Accueil du site / Home_fr / Actualités / Vie de la Maison des Auteurs / Prix SACD découverte Spectacle Vivant 2016 : Adeline Rosenstein, pour décris-ravage

Son spectacle érudit et passionnant, drôle et édifiant, intelligent et d’une efficacité redoutable a conquis le Comité belge de la SACD qui a souhaité lui remettre un prix découverte - spectacle vivant : Adeline Rosenstein n’est certes pas une jeune première, mais son travail fait découvrir le théâtre documentaire et la question palestinienne d’une façon tout nouvelle. Retrouvez ici une présentation de son projet décris-ravage, ainsi que l’hommage écrit pour elle par Miguel Decleire.

L’œuvre : décris-ravage – spectacle documentaire consacré à la question de la Palestine depuis 1799

Avec cinq comédiens sans ornement et dépourvus d’artifice, décris-ravage donne à voir une traversée historique et sémantique de la question palestinienne, dans un détournement brillant de la conférence-spectacle.
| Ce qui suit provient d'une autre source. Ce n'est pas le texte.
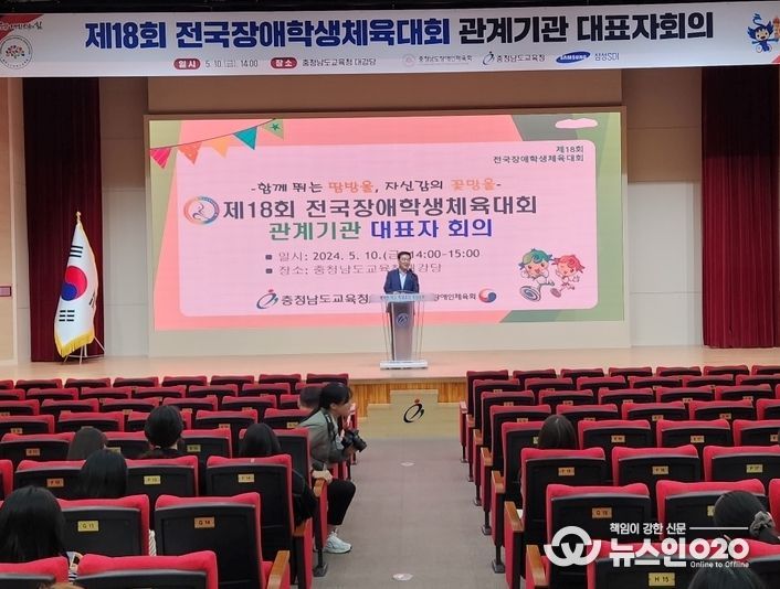 (뉴스인020 = 최정직 기자) 충남교육청은 10일 충남교육청 대강당에서 제18회 전국장애학생체육대회에 출전하는 충남 선수단 대표자 60여 명을 대상으로 대표자회의를 개최했다고 밝혔다.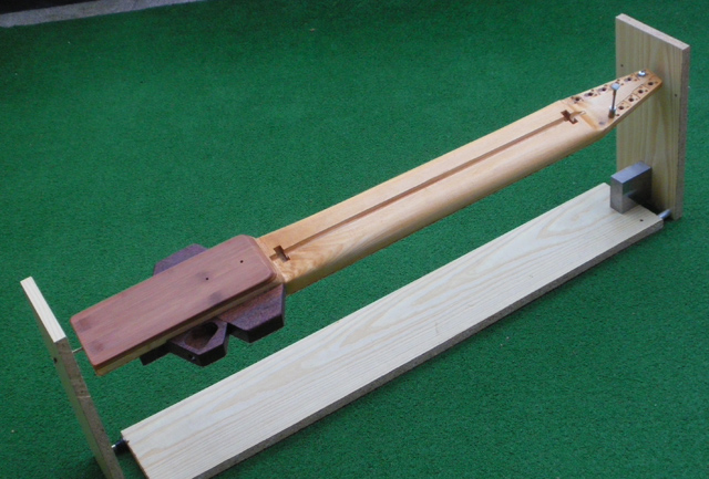 Tím samozřejmě potřebujeme k nastavení výšky bud ploché kleště nebo kousek kovové trubičky ca. 8 mm Ø, která se na konci mírně zploští. Na Monochordu z bukové laťky (menzura 686) jsem natáhl strunu A (.034") a všechno funguje, zvuk té laťky je úctyhodně brilantní A abych nezapomněl, snímače soapbary P 90 už mám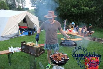 Wir haben uns um 9 Uhr in unserer Unterkunft getroffen, unsere restlichen Sachen zusammen gepackt und sind losgefahren. Nach einer guten Stunde sind wir in Bad Homburg angekommen, haben unsere Kameraden abgeholt und sind nach Gräveneck aufgebrochen. Nach dem anstrengenden Aufbau bei ca. 30 Grad haben wir gemerkt, dass wir unser Wasser in der Unterkunft vergessen haben. Manche hatten Kopfschmerzen oder waren einfach nur platt vom Aufbau. Am späten Nachmittag sprangen wir alle zusammen in die kühle Lahn und haben uns erfrischt. Zum Abendessen haben wir Gegrillt und ließen danach noch den Tag am Lagerfeuer ausklingen. Trotz der Anstrengung freuen wir uns auf die gemeinsamen Tage.
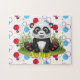 Bonita quebra-cabeça de serra-de-vidro Panda para crianças com círculos de fundo. Personalize com seu nome para fazer deste um presente divertido para qualquer criança!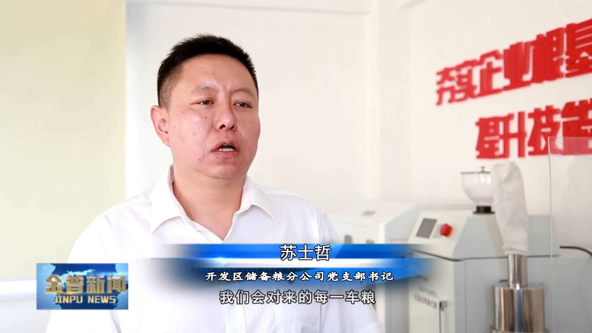 开发区储备粮分公司党支部书记苏士哲(我们会对来的每一车粮,利用自动扦样机抽取样子(品)送到化验室来进行样品分析,水分、容重、质量、杂质,还有卫生指标进行逐一分析,分析检验达到国家标准才可以入仓保管,确保国家粮食质量安全。)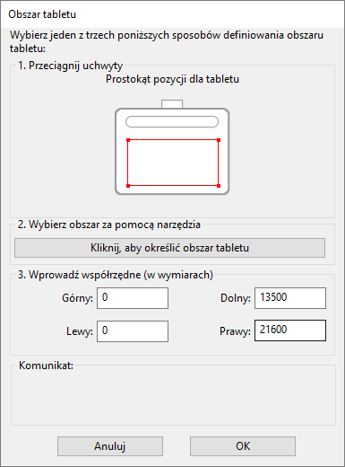 - W sekcji Obszar tabletu wybierz część urządzenia, którą chcesz przypisać do wybranego Obszar ekranu.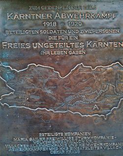 | Gedenkplatte eines Denkmals für den Kärntner Abwehrkampf beim Silbersee in Villach, Kärnten. | Selbst fotografiert | MoserB | Datei:Gedenkplatte für Kärntner Abwehrkämpfer.jpg | |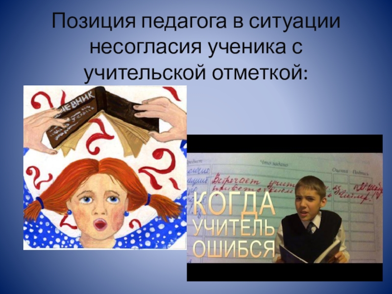 Слайд 1Позиция педагога в ситуации несогласия ученика с учительской отметкой: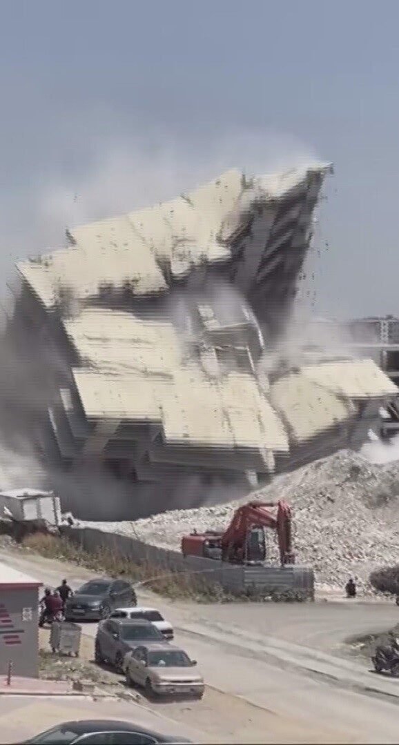Hatay’ın Antakya ilçesinde 12 katlı binanın iş makinesinin darbesiyle yıkımı vatandaşlara deprem etkisi yaşattı. Kontrollü olarak yıkılan binanın yerle bir olduğu anlar kameraya yansıdı.
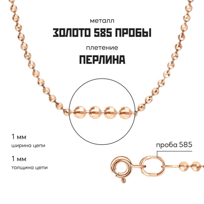 Московский Цепевязальный Завод - современный взгляд на вековое наследие цепевязания: неизменно высокое качество, технологичность и надежное российское производство. Цепь с плетением "Перлина" - украшение, подчеркивающее вашу женственность. Название такого типа плетения произошло от английского «Pearl» – «жемчужина». Плетение состоит из круглых, продолговатых звеньев-шариков, расположенных на проволоке. Цепь "Перлина" может быть как самодостаточным украшением, так и носиться с подвесками и кулонами. Бренд изделия может отличаться от заявленного в описании. В этом случае украшение под другим брендом по своим качественным и потребительским характеристикам ничем не уступает указанному в описании. Фактический завод-производитель указан на бирке каждого изделия.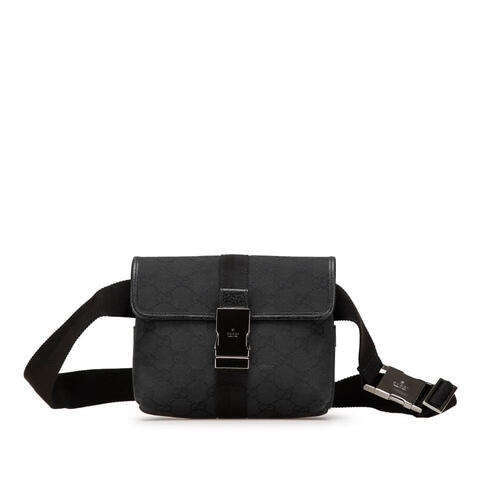 This belt bag features a canvas body with leather trim, an adjustable flat waist strap, a flap with buckle closure, and an interior zip pocket. Gucci Unisex Crossbody. SKU: 131236 001998. Color: Black. Size: 2 x 5 x 6. Gucci - GG Canvas Belt Bag 131236 001998.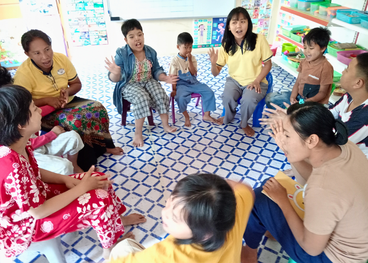 現地団体「NICE Foundation」が運営する障がい児のための教育施設で、笑顔で活動する子どもたち=マンダレー市内で2026年3月
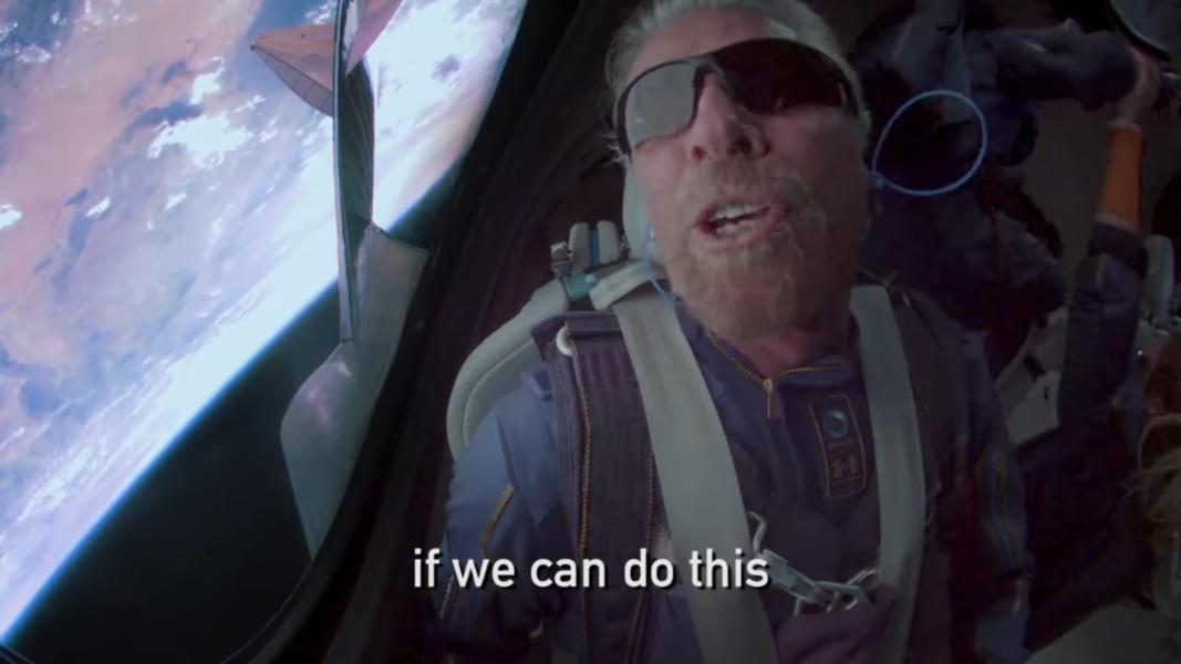 De la circa 86 de kilometri altitudine, acolo unde granița atmosferei terestre și cea a spațiului cosmic se întrepătrund, miliardarul Richard Branson la bordul navetei dezvoltate de compania sa Virgin Galactic, a ținut să transmită un mesaj simbolic, înainte de a se elibera din scaun și pluti prin cabină în condiții de imponderabilitate.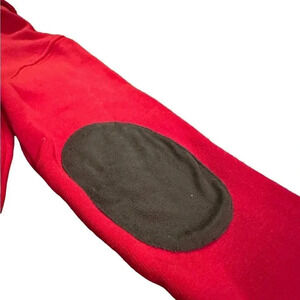 Soft, bright red pullover from Janie and Jack. Sweatshirt like material; shawl collar with toggle buttons; decorative felt elbow patches. Classic and preppy.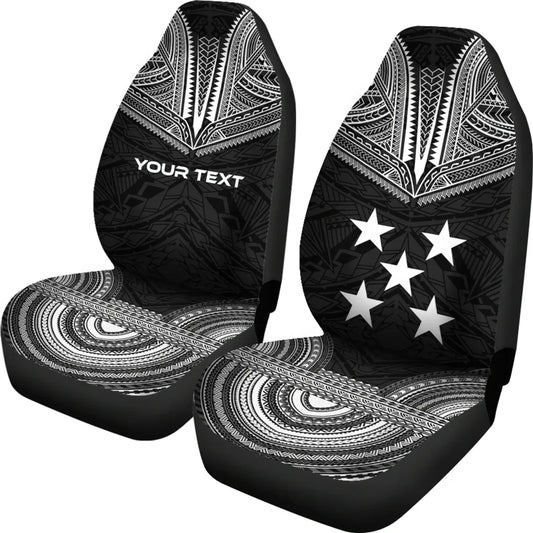 Gambier Islands Custom Personalised Car Seat Cover - Gambier Islands Flag Polynesian Chief Tattoo Black Version

À la fois érudit, impertinent et ludique, le spectacle mêle savoir et fiction en un feuilleton passionnant couvrant la période historique de 1799 à 1908.

Souvent Adeline Rosenstein est derrière son pupitre, nous communiquant ce qu’elle a pu rassembler et comprendre, elle laisse aussi la scène à ses acteurs pour des saynètes, issues entre autres de pièces arabes ou de témoignages, qui reconstruisent autrement dans l’espace les questions qu’elle pose et se pose.

Textes écrits ou recueillis et mis en scène par : Adeline Rosenstein
Avec : Olindo Bolzan, Léa Drouet, Isabelle Nouzha, Céline Ohrel / Thibault Wenger, Adeline Rosenstein
Espace : Yvonne Harder
Lumières : Caspar Langhoff
Création sonore : Andrea Neumann
Regards scientifiques : Jean-Michel Chaumont, Henry Laurens, Julia Strutz, Tania Zittoun
Production : Leïla Di Gregorio

A voir : le teaser du spectacle.

L’hommage du Comité

« On dirait un croisement entre Zouc et Mary Poppins, entre Wonder Woman et Gertrude Stein, une Antigone qui se serait ravisée pour aller déterrer dans les bibliothèques les paroles des morts

elle prend tout à contre-pied, se permet une conférence qui bannit toute illustration, une pièce de théâtre à épisodes beaucoup trop longue, du documentaire en recomposition permanente, elle vise toujours à côté et elle fait mouche à chaque fois

elle et les membres du gang hétéroclite qui l’entoure, et qui rythment des paysages de gestes, reconstituent les débats exhumés, redessinent sur l’eau du plateau l’histoire d’une Palestine inconnue, Napoléon, les Ottomans, les Anglais et les Français, la Guerre des Six Jours

elle nous plonge dans l’effroi, mais c’est celui de notre ignorance son discours est toujours lui-même une mise en perspective du discours, y compris du sien

une pédagogue iconoclaste, au sens propre du terme, une bousilleuse d’images en place, qui par ses lapidations flasques redonne sa place à la parole et à la pensée

à en pleurer de rire

elle avance comme une funambule, une tronçonneuse dans chaque main

et aucun mur ne lui résiste

Adeline Rosenstein

et son projet décris-ravage »

Miguel Decleire

L’autrice

Depuis 2003, Adeline Rosenstein développe un travail de création documentaire. Basées essentiellement sur des entretiens et du matériau factuel produit par des universitaires, ses pièces traitent de sujets aussi divers que la main-d’œuvre masculine d’Europe de l’Est à Berlin, les exilés juifs allemands en Argentine pendant la dernière dictature ou l’histoire des discours d’experts sur la traite des femmes. Elle est également active dans le domaine associatif où elle réalise des ateliers radiophoniques avec des femmes en alphabétisation, et collabore avec d’autres artistes en tant que comédienne, dramaturge et traductrice.